Open Johncrtz opened this issue 1 year ago • 4 comments

Hello, i created a testset and run it through my RAG pipeline to get documents and a answer for each question. I now have 50 pairs of [question, ground_truth, documents, answer] that i want get the context_recall from.

Code for my custom LLM:

from torch import cuda, bfloat16 
from torch import nn
import transformers
from transformers import BitsAndBytesConfig
from transformers import LlamaTokenizer
import os
from langchain.llms import HuggingFacePipeline 

model_id = 'meta-llama/Llama-2-7b-chat-hf' #'HuggingFaceH4/zephyr-7b-alpha' 
hf_auth = '...' 
os.environ['OPENAI_API_KEY'] = "..."

bnb_config = transformers.BitsAndBytesConfig( load_in_4bit=True, 
                                             bnb_4bit_quant_type='nf4',
                                             bnb_4bit_use_double_quant=True, 
                                             bnb_4bit_compute_dtype=bfloat16 ) # begin initializing HF items, need auth token for these 

model_config = transformers.AutoConfig.from_pretrained( model_id, token=hf_auth )

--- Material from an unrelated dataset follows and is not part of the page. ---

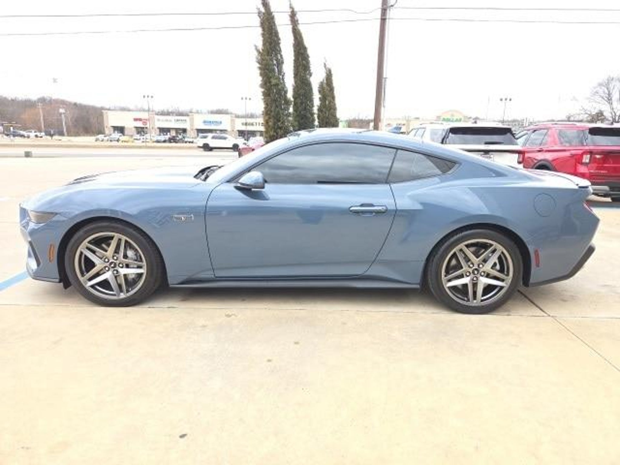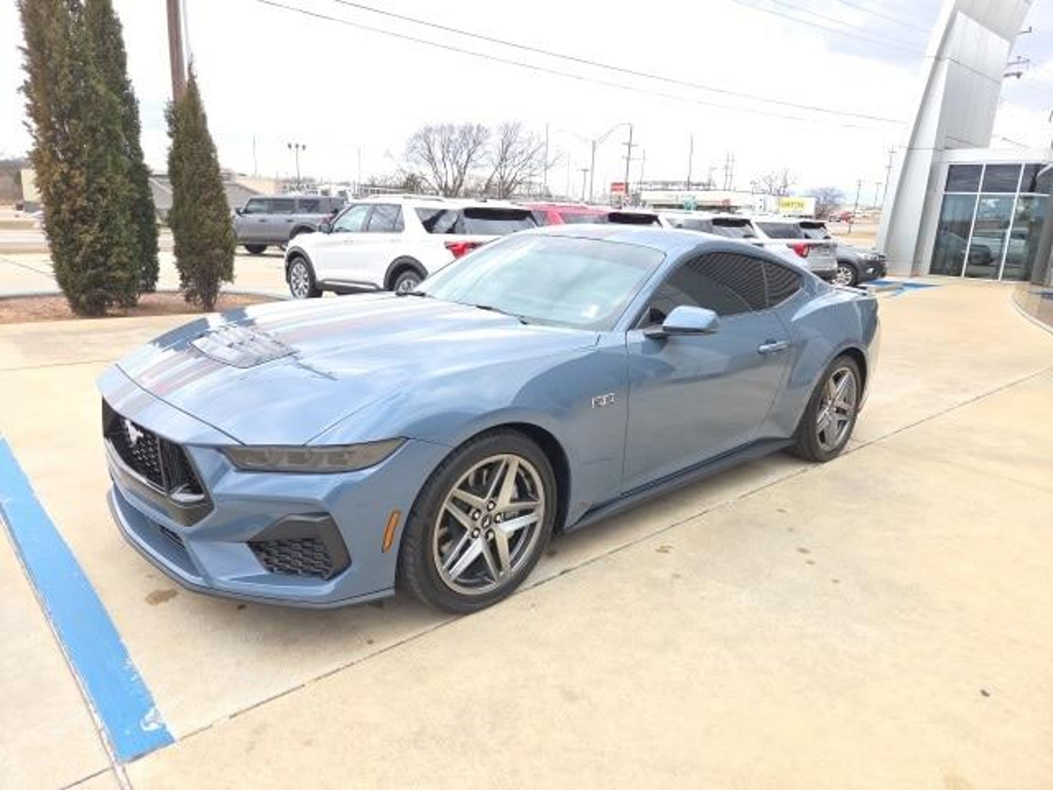 Recent Arrival! 2025 Ford Mustang GT Premium ONE OWNER, CLEAN CARFAX, LOCAL TRADE, NAVIGATION, LEATHER SEATS, BLUETOOTH, REAR VIEW CAMERA, REMOTE START, KEYLESS ENTRY, BLIND SPOT MONITOR, SATELLITE RADIO, KEYLESS IGNITION, 3.55 LIMITED SLIP, OVER THE TOP RACING STRIPE, 19X8.5 PREMIER POLISHED ALUMINUM WHEEL, Integrated Turn Signals, Over-the-Top Racing Stripe, Wheels: 19 x 8.5 Premier Polished Aluminum. 5.0L V8 Ti-VCT RWD Equipment Group 401A High Package (Integrated Turn Signals, Driver Seat & Mirrors Memory, Illuminated Door-Sill Scuff Plates, and Leather-Trimmed Bucket Seats w/Color Accents), Ford Co-Pilot360 Assist (Connected Navigation and Pre-Collision Assist w/Automatic Emergency Braking), Security Package (Active Anti-Theft System, Locking Center Console, and Wheel Locking Kit), Over-the-Top Racing Stripe, Wheels: 19 x 8.5 Premier Polished Aluminum, 3.55 Limited Slip Rear Axle, 4-Wheel Disc Brakes, 9 Speakers, ABS brakes, Air Conditioning, Alloy wheels, AM/FM radio: SiriusXM with 360L, AM/FM Stereo, Auto High-beam Headlights, Auto-dimming Rear-View mirror, Automatic temperature control, Brake assist, Bumpers: body-color, Climate Controlled Heated/Cooled Front Seats, Compass, Delay-off headlights, Driver door bin, Driver vanity mirror, Dual front impact airbags, Dual front side impact airbags, Electronic Stability Control, Emergency communication system: 911 Assist, Exterior Parking Camera Rear, Four wheel independent suspension, Front anti-roll bar, Front Bucket Seats, Front Center Armrest, Front dual zone A/C, Front reading lights, Fully automatic headlights, Garage door transmitter, HD Radio, Heated door mirrors, Heated front seats, Heated steering wheel, Illuminated entry, Instrument Panel w/Accent Stitch, Internet access capable: FordPass Connect, Knee airbag, Leather Shift Knob, Leather steering wheel, Leather-Trimmed Bucket Seats, Low tire pressure warning, Occupant sensing airbag, Outside temperature display, Overhead airbag, Overhead console, Panic alarm, Passenger door bin, Passenger vanity mirror, Power door mirrors, Power driver seat, Power passenger seat, Power steering, Power windows, Radio data system, Rain sensing wipers, Rear anti-roll bar, Rear Parking Sensors, Rear window defroster, Remote keyless entry, SiriusXM w/360L, Speed control, Speed-sensing steering, Speed-Sensitive Wipers, Split folding rear seat, Spoiler, Sport steering wheel, Steering wheel mounted audio controls, SYNC 4, Tachometer, Telescoping steering wheel, Tilt steering wheel, Traction control, Trip computer, Tu

model = transformers.AutoModelForCausalLM.from_pretrained(model_id, 
                                                          trust_remote_code=True,
                                                          config=model_config,
                                                          quantization_config=bnb_config,
                                                          device_map="auto",
                                                          token=hf_auth ) 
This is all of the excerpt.